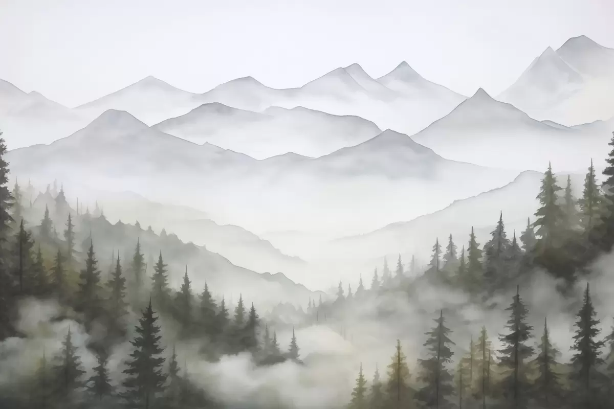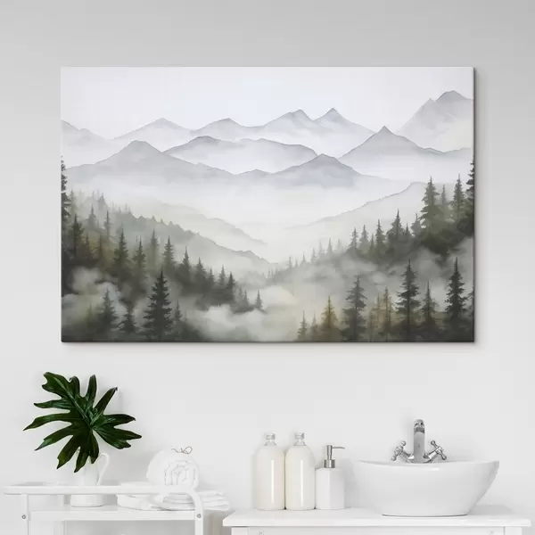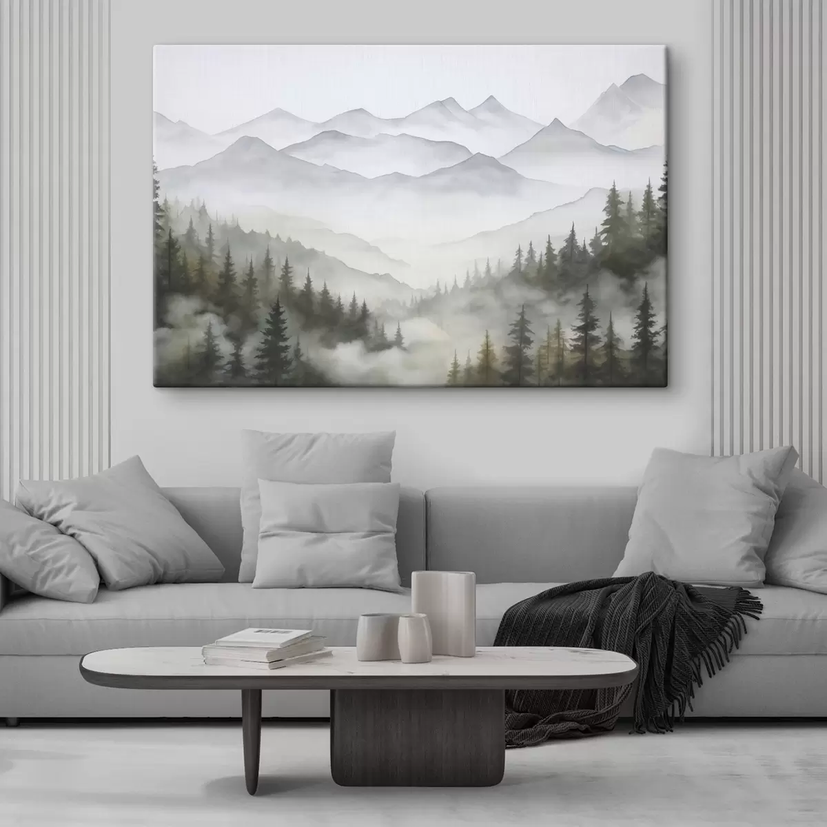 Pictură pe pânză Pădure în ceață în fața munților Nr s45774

---

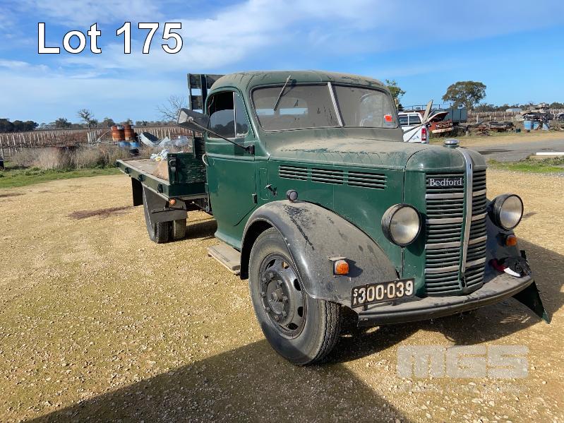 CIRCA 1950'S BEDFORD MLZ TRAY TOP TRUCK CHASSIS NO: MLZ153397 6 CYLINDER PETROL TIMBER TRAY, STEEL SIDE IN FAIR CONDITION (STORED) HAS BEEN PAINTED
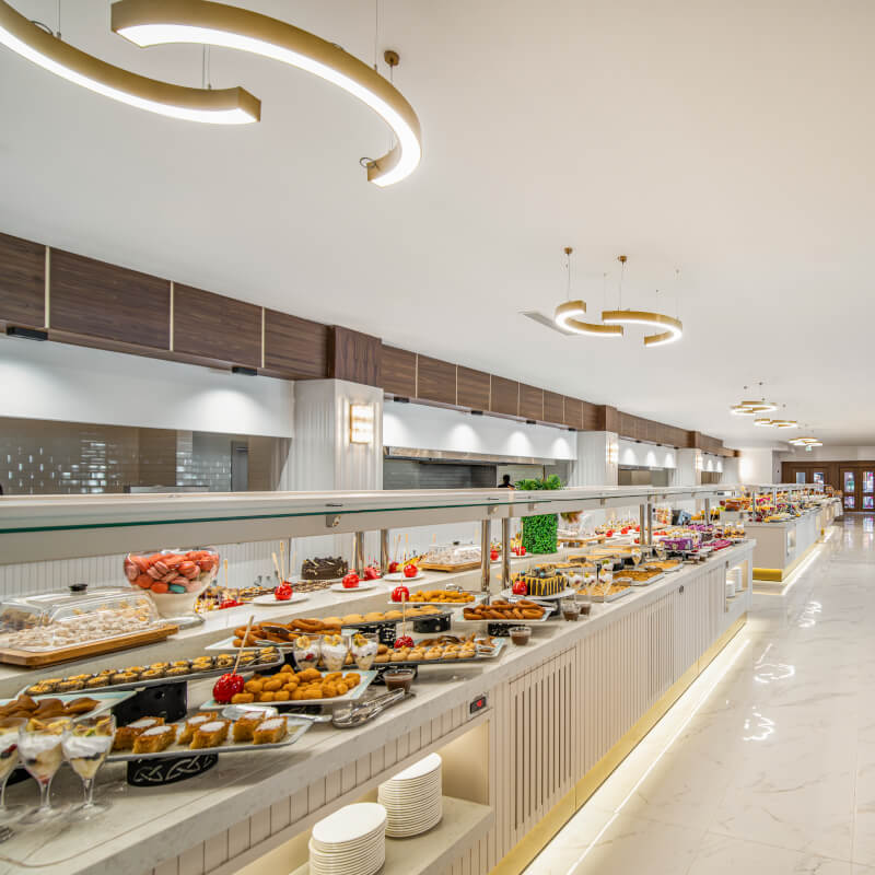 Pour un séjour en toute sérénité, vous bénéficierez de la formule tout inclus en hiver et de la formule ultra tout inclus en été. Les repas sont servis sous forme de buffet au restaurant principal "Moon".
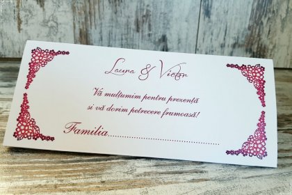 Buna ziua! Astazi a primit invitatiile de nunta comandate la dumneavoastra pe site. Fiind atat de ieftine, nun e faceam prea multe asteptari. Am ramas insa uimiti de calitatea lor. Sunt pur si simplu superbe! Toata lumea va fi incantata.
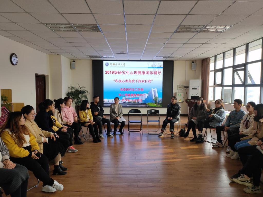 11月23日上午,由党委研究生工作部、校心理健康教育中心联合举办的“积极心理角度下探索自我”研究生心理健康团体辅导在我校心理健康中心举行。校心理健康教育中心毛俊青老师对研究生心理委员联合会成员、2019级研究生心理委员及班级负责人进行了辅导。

YOUR INSTRUCTIONS: Would you set down only the lines above from the line with "Pour un séjour" to the line with "11月23日上午,由党委研究", both included, exactly as they stand and without the pictures?

RESPONSE FOR THIS EXERCISE:
 Pour un séjour en toute sérénité, vous bénéficierez de la formule tout inclus en hiver et de la formule ultra tout inclus en été. Les repas sont servis sous forme de buffet au restaurant principal "Moon".
 Buna ziua! Astazi a primit invitatiile de nunta comandate la dumneavoastra pe site. Fiind atat de ieftine, nun e faceam prea multe asteptari. Am ramas insa uimiti de calitatea lor. Sunt pur si simplu superbe! Toata lumea va fi incantata.
 11月23日上午,由党委研究生工作部、校心理健康教育中心联合举办的“积极心理角度下探索自我”研究生心理健康团体辅导在我校心理健康中心举行。校心理健康教育中心毛俊青老师对研究生心理委员联合会成员、2019级研究生心理委员及班级负责人进行了辅导。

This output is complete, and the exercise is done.